On the basis of virus phylogeny and chronology of virus detection, we hypothesize that the HPAI virus found in the Caspian Sea region was present in birds migrating to their wintering sites during autumn 2021 and was detected in Israel during the winter months of 2022. During spring migration in 2022, the virus strain spread from the Middle East to nesting areas, leading to wild bird deaths on Maliy Zhemchuzhniy Island. Because of the lack of some genetic data on closely related viruses, it remains unclear whether the Caspian Sea strains were transmitted through Europe (Romania) from Israel or directly from Israel.

The HPAI H5N1 viruses detected during the mass death of birds on Maliy Zhemchuzhniy Island evolved from sequential reassortment of multiple genetic variants of LPAI and HPAI viruses (Appendix 1 Figures 3–9). The new variants probably acquired M and HA gene segments from viruses (Egyptian-like) detected in Siberia and Kazakhstan in 2020 (15). PB2, PB1, PA, NP, and NA gene segments from HPAI viruses likely emerged as a result of reassortment with LPAI viruses during 2020–2021; NS segments likely emerged from LPAI viruses detected during 2021–2022. NS sequences closely related to those of strains isolated in the Caspian Sea regions and Romania were found in LPAI viruses predominantly circulating in Asia during 2019–2021 (Appendix 1 Figure 9). HPAI viruses with such NS sequences have been identified only in Romania and the Caspian Sea.
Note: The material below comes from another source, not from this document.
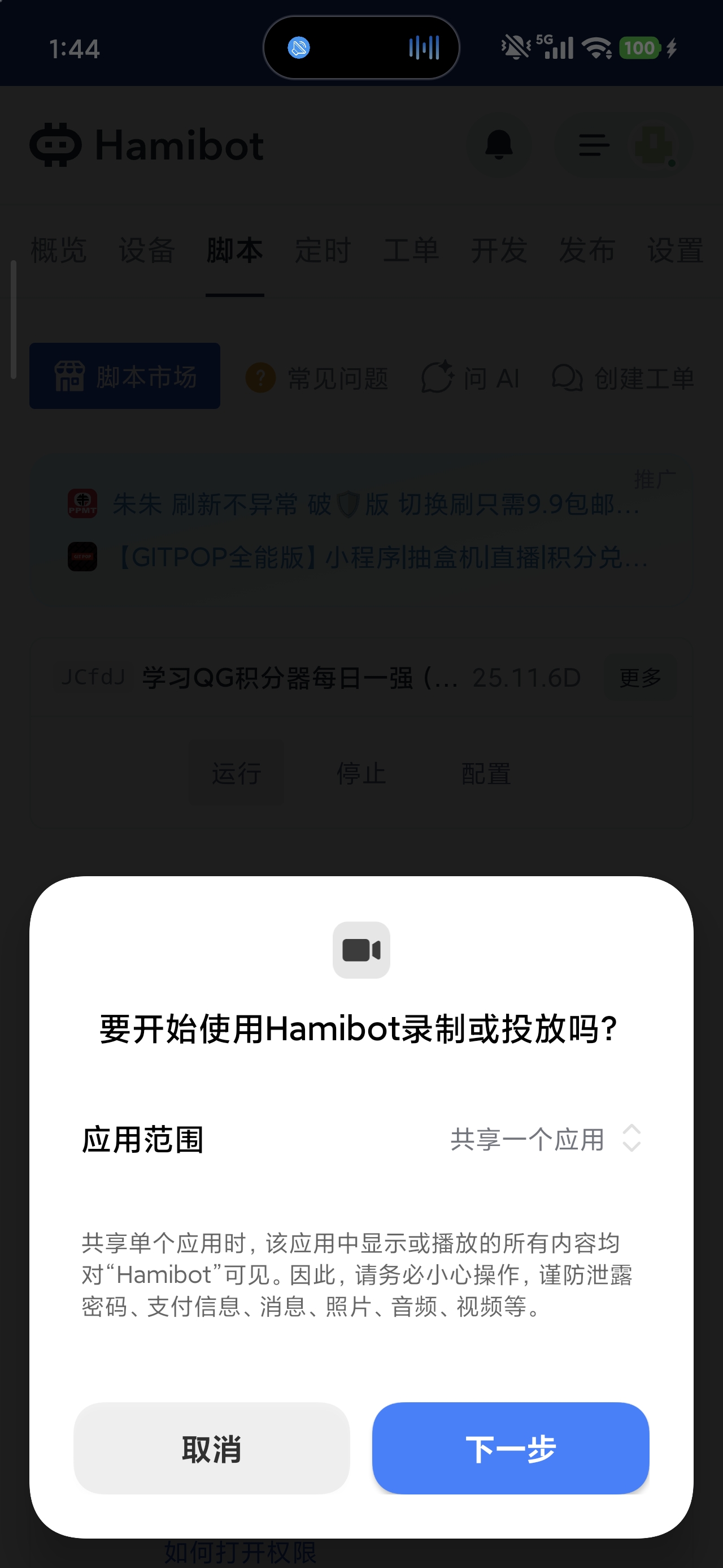 这是因为Hamibot在执行需要屏幕截图功能的脚本时,系统会请求屏幕录制权限。根据你的截图显示,这是Android系统的权限请求界面,不同手机品牌可能显示为"录制和投放"、"屏幕录制"或类似名称。

Gene segments of HPAI H5N1 viruses from the Caspian Sea were closely related to virus segments found in different parts of Eurasia. Specifically, PB1, PA, HA, NA, and M protein gene segments were predominantly related to those in Europe, whereas related NP and NS segments were more prevalent in Asia. In addition, the PA segment from the Caspian Sea strains was also identified in Africa, and PB2 was related to PB2 of viruses detected in the Far East (Japan, Korea, and China), Siberia (Novosibirsk region), Bangladesh, and Europe (Italy, Slovenia, and Czech Republic). Three major flyways pass through the Caspian Sea region: the Black Sea/Mediterranean Flyway, the West Asian–East African Flyway, and the Central Asian Flyway. However, we found that gene segments of HPAI viruses from the Caspian Sea were related to variants identified in the Far East, indicating widespread distribution and exchange of influenza virus genes well beyond the major flyways. Therefore, continued surveillance and monitoring of AIVs (primarily HPAI viruses) in wild bird populations will be needed worldwide to track and predict the spread of these viruses over long distances.